| Literature DB >> 30832259 |
Senait D Senay1,2, Susan P Worner3.
Abstract
Correlative species distribution models (SDMs) are increasingly being used to predict suitable insect habitats. There is also much criticism of prediction discrepancies among different SDMs for the same species and the lack of effective communication about SDM prediction uncertainty.
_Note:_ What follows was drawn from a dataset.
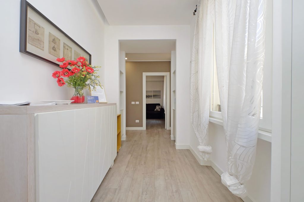 Bright and comfortable apartment in Rome’s Prati district, just a short walk from the Vatican and only 7 minutes on foot from Ottaviano metro station (line A). The apartment’s entrance opens into an airy corridor that leads guests to the various rooms of the house.
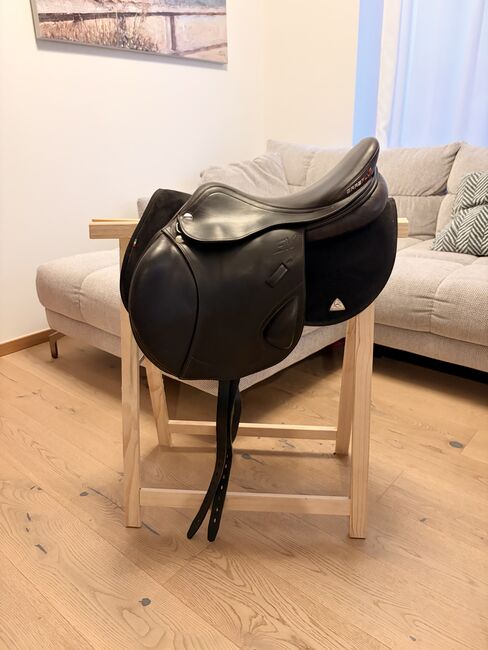 Den perfekta sadeln för fälttävlan och hoppning, mono flap, open points, mycket axelfrihet och en sits som känns extra nära hästen.

In this paper, we undertook a factorial study to investigate the effects of various modeling components (species-training-datasets, predictor variables, dimension-reduction methods, and model types) on the accuracy of SDM predictions, with the aim of identifying sources of discrepancy and uncertainty. We found that model type was the major factor causing variation in species-distribution predictions among the various modeling components tested. We also found that different combinations of modeling components could significantly increase or decrease the performance of a model. This result indicated the importance of keeping modeling components constant for comparing a given SDM result. With all modeling components, constant, machine-learning models seem to outperform other model types. We also found that, on average, the Hierarchical Non-Linear Principal Components Analysis dimension-reduction method improved model performance more than other methods tested. We also found that the widely used confusion-matrix-based model-performance indices such as the area under the receiving operating characteristic curve (AUC), sensitivity, and Kappa do not necessarily help select the best model from a set of models if variation in performance is not large. To conclude, model result discrepancies do not necessarily suggest lack of robustness in correlative modeling as they can also occur due to inappropriate selection of modeling components. In addition, more research on model performance evaluation is required for developing robust and sensitive model evaluation methods. Undertaking multi-scenario species-distribution modeling, where possible, is likely to mitigate errors arising from inappropriate modeling components selection, and provide end users with better information on the resulting model prediction uncertainty.Entities:
Keywords: invasive insect species, model uncertainty, multi-model framework, non-linear principal component analysis, principal component analysis, random forest, species distribution models
Year: 2019 PMID: 30832259 PMCID: PMC6468778 DOI: 10.3390/insects10030065
Source DB: PubMed Journal: Insects ISSN: 2075-4450 Impact factor: 2.769
Variables included in the three-predictor datasets used in this study.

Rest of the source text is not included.